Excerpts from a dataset
——————————
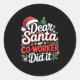 Dear Santa My Co-worker Did It Funny Christmas Cow Classic Round Sticker
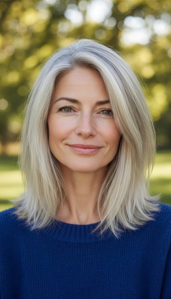 Mid-Length Cut with Soft Swoop Bangs in Platinum Blonde
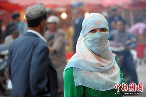 在喀什老城高臺民居,維吾爾族老人、婦女和孩子的臉上和眼睛里透出祥和、安逸;喀什街頭的烤串、馕、水果處處皆是。維族婦女身穿長袍、頭戴紗巾遮面而行,迷人的眼睛顯得十分神秘,在都市形成一道耀眼的風景。
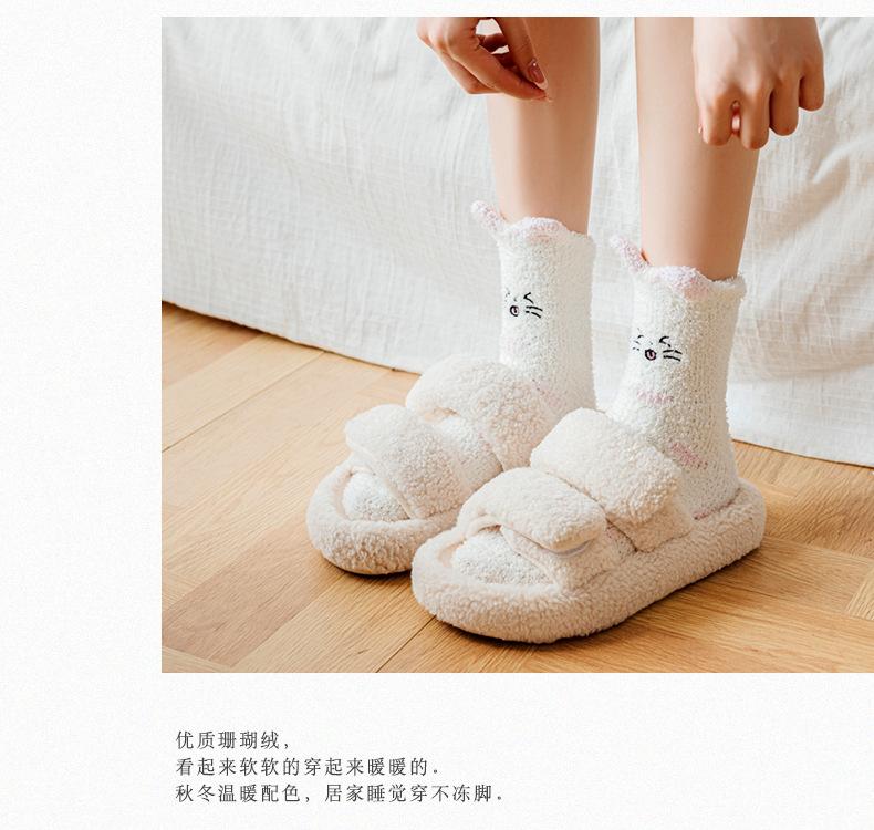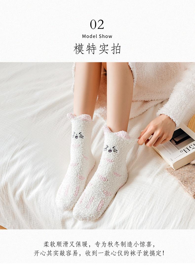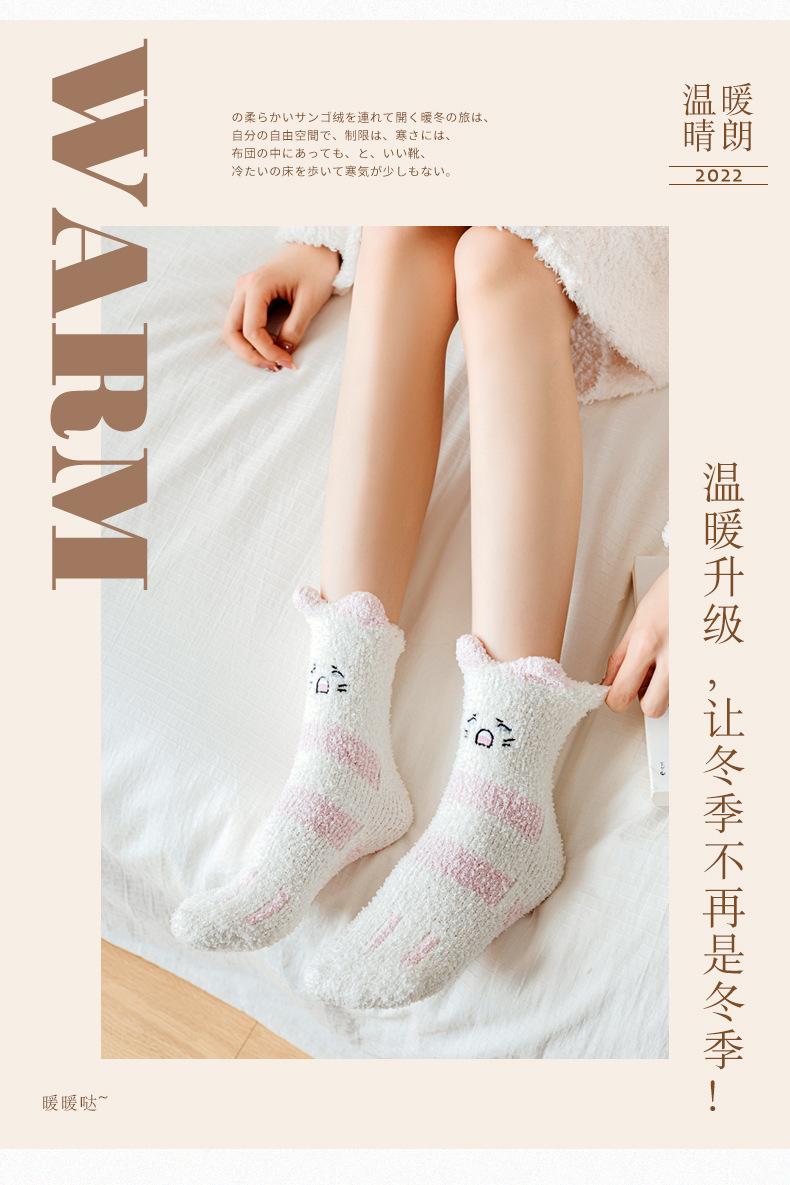 Calcetines de invierno de estilo nuevo para mujer, de terciopelo de media cara, bonitos calcetines de gato gruesos y cálidos para dormir, calcetines de luna.
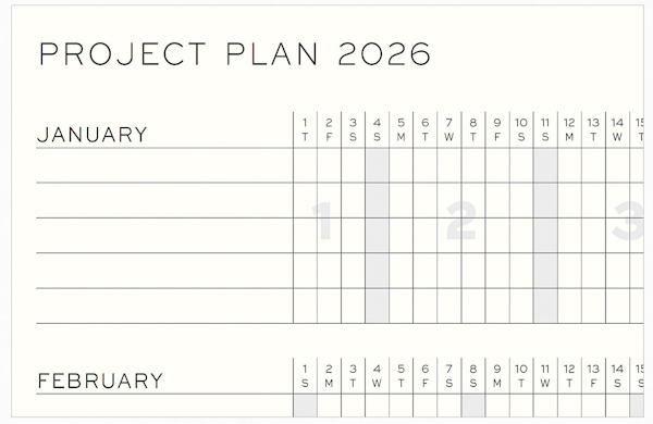 — план проєктів для подій та задач на рік. Щомісячні задачі можна відмітити ліворуч та запланувати їх по дням праворуч. Можна використовувати як трекер звичок (5 рядків на кожний місяць, 6 місяців на розгортці)
——————————
• _ASSIGNMENT_
Leave out the pictures and repeat exactly the lines from the one containing "Calcetines de invierno" through the last line of the entries.

• _TASK ANSWER_
 Calcetines de invierno de estilo nuevo para mujer, de terciopelo de media cara, bonitos calcetines de gato gruesos y cálidos para dormir, calcetines de luna.
 — план проєктів для подій та задач на рік. Щомісячні задачі можна відмітити ліворуч та запланувати їх по дням праворуч. Можна використовувати як трекер звичок (5 рядків на кожний місяць, 6 місяців на розгортці)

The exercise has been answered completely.